Чернуха раздражает у тех, кто на ней пиарится — вот, мол, я и это знаю! – либо у тех, кто ее эстетизирует; но у тех, кого она по-настоящему мучает, никогда. Больше того: можно морщиться от тех же ситуаций и реалий в изложении, допустим, «Новой драмы» или «Театра. Doc”, где все очень уж шаблонно, но у Кузьменкова сама изобразительная сила такова, что о чудовищных подробностях забываешь: отвлекаешься на то, как сделано. И как раз глава о том, как бомж дошел до жизни такой, — в повести она шестая, — сделана сильней прочих: тут даже не думаешь о степени достоверности. Думаешь о том, как экономно, сильно и точно описывается жизнь, в которой не за что зацепиться, когда сползаешь в топь. Это ощущение полной заброшенности, отсутствия даже того сурового Бога, на которого походила прежняя власть, доминирует у Кузьменкова, и пишет он его с редкостной убедительностью. Что это был за Бог — можно судить по его же «Дурдому», но заброшенный завод хуже того дурдома. Кстати, к сильным сторонам позднего Кузьменкова — сужу по началу «Бахмутских хроник» и последней повести, относится и то, что традиционные сюжеты ему наконец надоели: он научился увлекательно выстраивать свои.

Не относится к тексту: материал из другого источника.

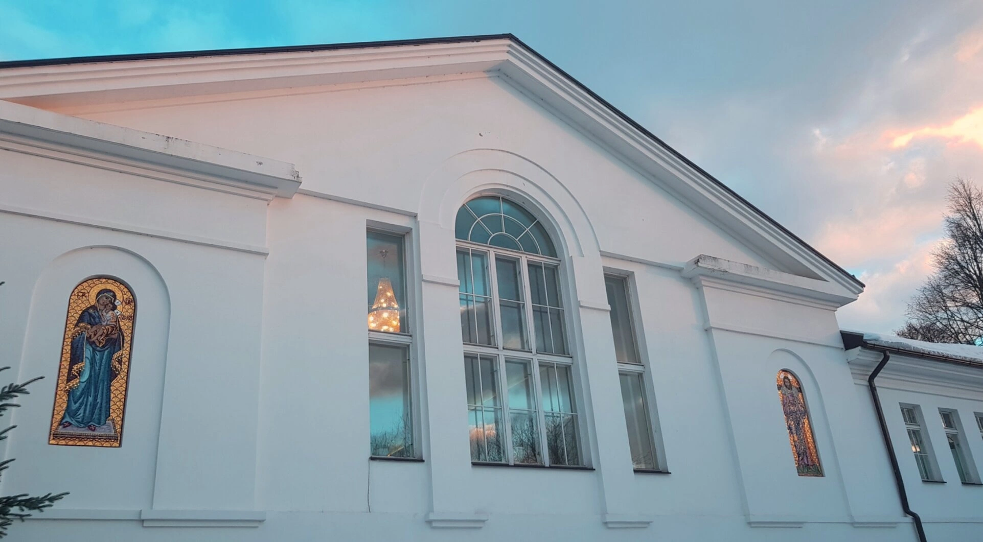 На фотографии запечатлена Церковь в честь Корсунской иконы Божией Матери, являющаяся частью архитектурного ансамбля Свято-Никольского Черноостровского монастыря в городе Малоярославце. Белоснежный храм, украшенный мозаичными образами святых, представляет собой памятник церковной архитектуры федерального значения.

В «Группе продленного дня» раздвоенная концовка (непонятно, кто умер) работает на общий пафос: «Все умерли». И никакого другого финала, ежели вдуматься, там быть не могло.

У Кузьменкова случаются стилистические рулады и фиоритуры, не идущие к делу, избыточности, даже и красивости, без которых легко обойтись, но это, как ни странно, тоже ему в плюс: проза получается живой. Что стилистически безупречно — то мертво, а Кузьменков никак не желает мириться с мертвечиной. Он принадлежит к тому самому поколению 1962 г.р., которое оказалось вчистую списано прежде, чем успело реализоваться. Пелевин, кстати, его сверстник. Всегда ощущалось подспудно, что у Пелевина должен быть двойник-реалист — кто-то из ровесников, кто с той же беспощадностью увидит не только голый скелет нашего нового мира, но и его плоть. Теперь у нас есть Кузьменков. На самом деле он есть у нас давно, но заметили его недавно. Это, конечно, неутешительный факт — видимо, в стране стало так плохо, что это наконец дошло до массового читателя; во всяком случае, сегодня мироощущение большинства совпадает с кузьменковским. Но это мироощущение все-таки лучше сладкой слепоты, сонного причмокиванья на краю бездны. За кузьменковской чернотой видна надежда — последняя, но тем более сильная. Кроме таких, как он, надеяться почти не на кого.

Очень символично, что он из Братска. Многие сегодня, как я, прочтут эту прозу именно с братским чувством.